NCBI Blast, an easy first software download, is a great way to discover how to install very useful software, create your own Blast-able databases, and search them using commands tailored to our exact specifications. With NCBI Blast, you can download an executable file that’s essentially the program ready to run on your computer. Other software installations may require compiling source code, which can be a lot trickier. When in doubt, follow the directions and cross your fingers.
How about programming? Being a programmer is not a prerequisite to doing bioinformatics, but as you get more involved, you’ll probably come up with new ideas that can only be implemented with some kind of programming or scripting. Both terms refer to any way in which you can combine a series of commands to execute together.

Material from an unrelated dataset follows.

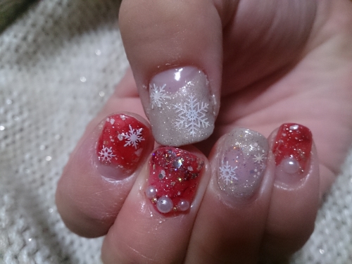 クリスマスにきらびやかに彩られた街に降る雪 雪に混ざって星の欠片もふってくるような あなたといると全てがキラキラして見えるの 今年も一緒に過ごしてくれてありがとう そんな気持ちを伝えれるような、少し大人なクリスマスネイルにしてみました 薬指のくりぬきハートがポイントです

First, it may be worth exploring commands in your favorite spreadsheet program, as we’ve found many useful ones for processing numerical and text data, including logical operations. Actual programming creates the option of doing something that may not otherwise be possible to do, or automating something that would be really boring to do by hand. Regardless of your reasons for wanting to learn a programming language, a small investment in learning even a little can pay off within days.

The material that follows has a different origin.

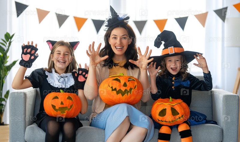 Счастливая семья празднует Хэллоуин
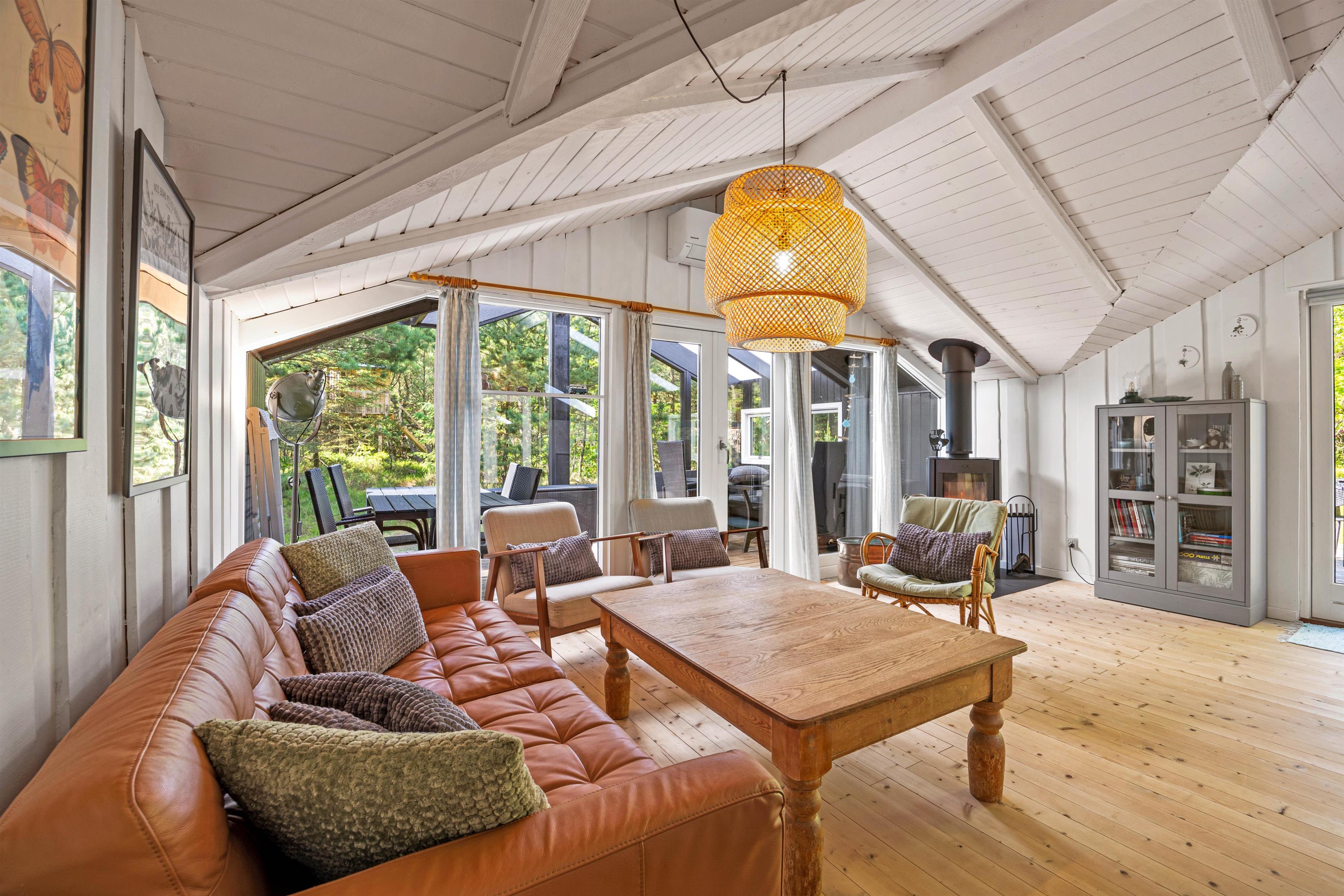 De 70 kvadratmeter er indrettet lyst og venligt med en blanding af nyt og gammelt, som giver sommerhuset en rigtig fin og hyggelig atmosfære. Her af 3 soverum, hvoraf 2 af disse er udstyret med 2 enkeltsenge i hvert værelse, og det tredje rum har en norskkøjeseng, som feriens yngste gæster helt sikkert vil have glæde af.

So what language? We prefer Perl, primarily because writing short programs is fast, and there is already a lot of code (like BioPerl) for analyzing biological data, so we don’t have to start from scratch. Python is another popular option, whereas languages like Java and C++ are even more powerful but take longer to learn and write. Simply finding people who will volunteer to help you learn their favorite language could aid you in making that decision. In case you’re wondering, relational databases and SQL (the language to query them) can be very powerful but generally less of an initial priority than programming.
Interested in a certain specialty? Bioinformatics has developed into a very broad field, and even bioinformaticists generally don’t know something about everything. Becoming more expert in a specific area, such as protein structure analysis or microarray analysis, may be more relevant. These emphases can be largely tackled by learning the theory and practice behind a single, albeit quite complex, suite of tools, along with the prerequisite chemistry or statistics.
Fran Lewitter, PhD, is director of bioinformatics and research computing at Whitehead Institute for Biomedical Research. This column was written in collaboration with George Bell, PhD, a bioinformatics scientist in Fran’s group.